Before those results could be analyzed, Ms. McClure was taken to the county jail. There, Ms. McClure recalled, one of the guards teased her, saying, “Why don’t you have another shot?” He said she replied that she wasn’t drunk, but she wasn’t feeling well.
“I remember them telling me I had to change their clothes,” Ms McClure said. “I went to try on my pants and I couldn’t put my pants on. I kept putting the same foot in the same pant.”
From there, she was placed in a holding cell, where she was at one point found in a puddle of her own urine, her lawyers said. He started vomiting.

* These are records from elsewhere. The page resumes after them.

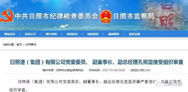 1、日照港高层又有一人接受组织审查 3月8日,日照市纪委监察局网站发布消息:日照港(集团)有限公司党委委员、副董事长、副总经理孔宪雷涉嫌严重违纪,目前正接受组织审查。
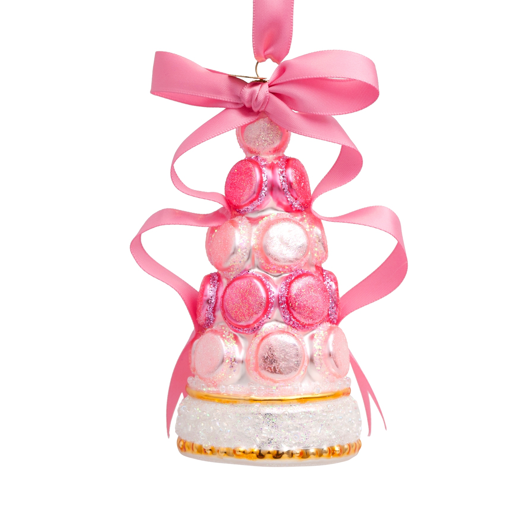 Julepynt – Glass pink macaron tower w/bow
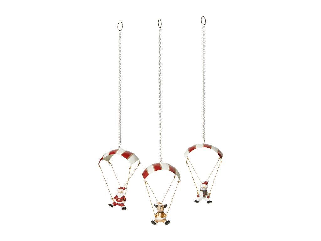 Julemand i metal faldskærm med fjeder ophæng fra Speedtsberg. Sjov og hyggelig jule dekoration.
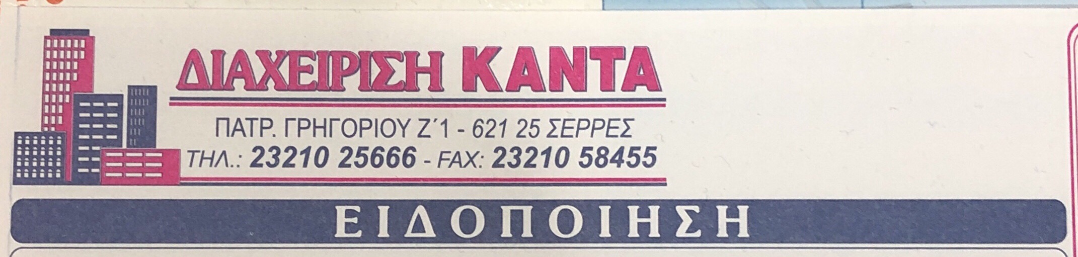 ΔΙΑΧΕΙΡΙΣΗ ΚΑΝΤΑ Ο.Ε. - ΕΚΔΟΣΗ - ΔΙΑΧΕΙΡΙΣΗ ΚΟΙΝΟΧΡΗΣΤΩΝ -ΔΙΑΧΕΙΡΗΣΗ ΚΤΙΡΙΩΝ - ΠΟΛΥΚΑΤΟΙΚΙΩΝ ΣΕΡΡΕΣ
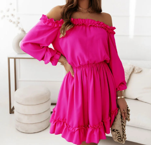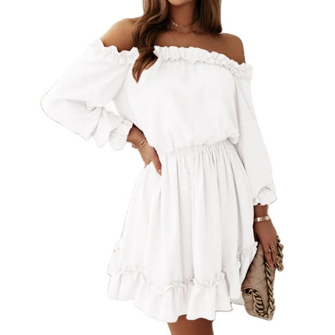 2022 Summer Women Dress Ruffle Office Lady Casual Dress Slash Neck Female Party Wedding Clothes

She remained that way for more than 24 hours, until the prison’s medical team was called to examine her and advised her to be taken to the hospital, records show. Toxicology analysis found no signs of alcohol or drugs.
Instead, doctors at the hospital diagnosed a brain bleed that likely started with a blood clot and removed part of her skull to relieve pressure, according to Ms. McClure’s lawsuit. Her brain damage resulted in “a lifetime of diminished capacity,” the suit claims.
In the lawsuit, Ms. McClure’s lawyer, Anne Vankirk, argued that the long-term injuries were preventable and suffered as a result of delays in receiving treatment.
Ms McClure struggled to find the words to describe her condition in an interview last week. The episode, she said, left her struggling to take care of herself. He cannot drive or work. Sometimes she doesn’t remember her medical appointments, or even where she is.
“I’m afraid to go into a store not knowing where my ride is parked,” he said. “I’m afraid to go out.”